STORED DATA:

☆ ☆ ☆ ☆ ☆ ☆ ☆

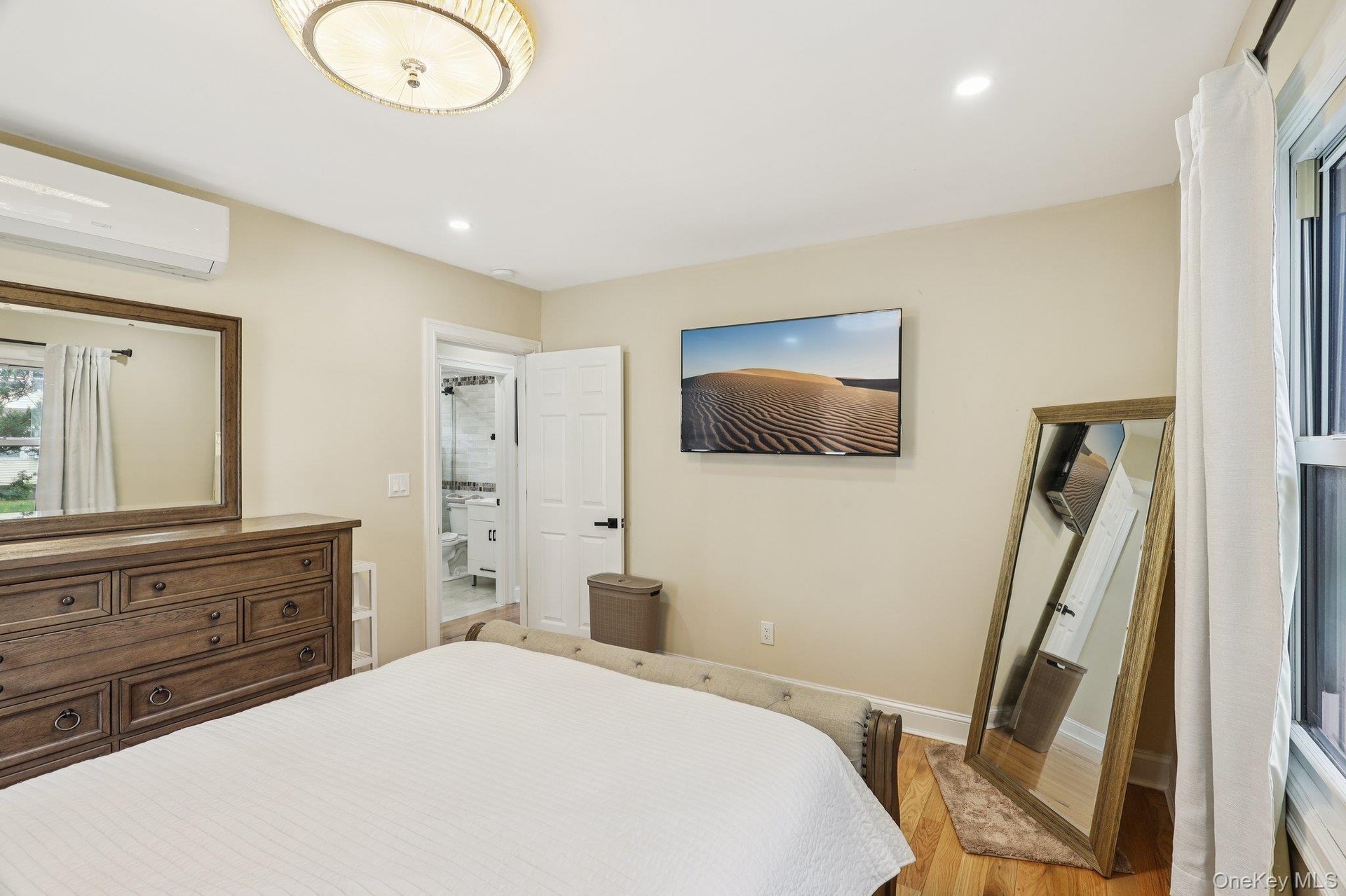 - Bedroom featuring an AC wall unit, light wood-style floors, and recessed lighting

☆ ☆ ☆ ☆ ☆ ☆ ☆

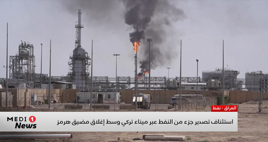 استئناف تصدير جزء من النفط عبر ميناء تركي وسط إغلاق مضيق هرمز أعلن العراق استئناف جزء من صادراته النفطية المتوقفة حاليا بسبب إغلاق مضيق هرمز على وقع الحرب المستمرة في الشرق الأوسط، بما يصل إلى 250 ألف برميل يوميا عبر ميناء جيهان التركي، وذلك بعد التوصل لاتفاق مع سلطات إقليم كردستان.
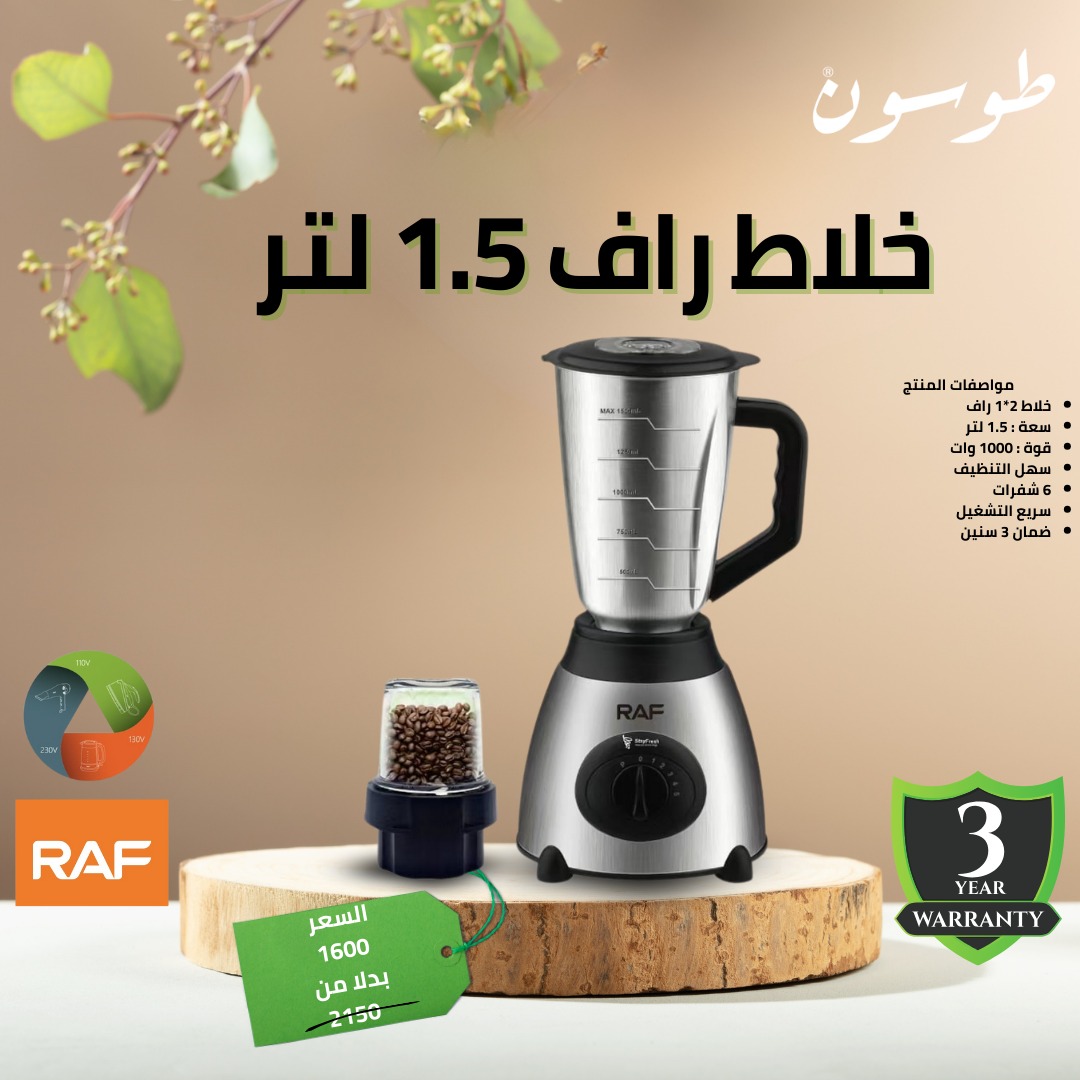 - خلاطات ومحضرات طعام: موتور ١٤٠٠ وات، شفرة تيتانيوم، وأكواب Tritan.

☆ ☆ ☆ ☆ ☆ ☆ ☆

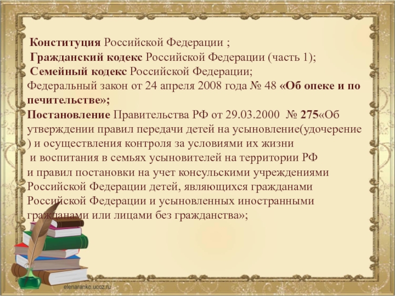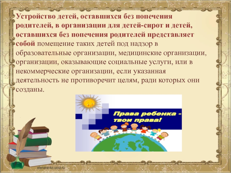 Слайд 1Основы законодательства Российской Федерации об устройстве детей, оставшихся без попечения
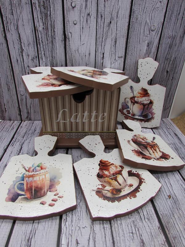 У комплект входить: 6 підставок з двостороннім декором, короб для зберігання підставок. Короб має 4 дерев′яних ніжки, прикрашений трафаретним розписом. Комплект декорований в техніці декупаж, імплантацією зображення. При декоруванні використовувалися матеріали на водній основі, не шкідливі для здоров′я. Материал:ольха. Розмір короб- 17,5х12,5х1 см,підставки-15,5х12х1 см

☆ ☆ ☆ ☆ ☆ ☆ ☆

WHAT IS BEING ASKED: Set the pictures aside and retype exactly the lines above from the line with "Слайд 1Основы законодательства" to the line with "У комплект входить: 6", both included, adding no others.

SOLUTION:
 Слайд 1Основы законодательства Российской Федерации об устройстве детей, оставшихся без попечения
 У комплект входить: 6 підставок з двостороннім декором, короб для зберігання підставок. Короб має 4 дерев′яних ніжки, прикрашений трафаретним розписом. Комплект декорований в техніці декупаж, імплантацією зображення. При декоруванні використовувалися матеріали на водній основі, не шкідливі для здоров′я. Материал:ольха. Розмір короб- 17,5х12,5х1 см,підставки-15,5х12х1 см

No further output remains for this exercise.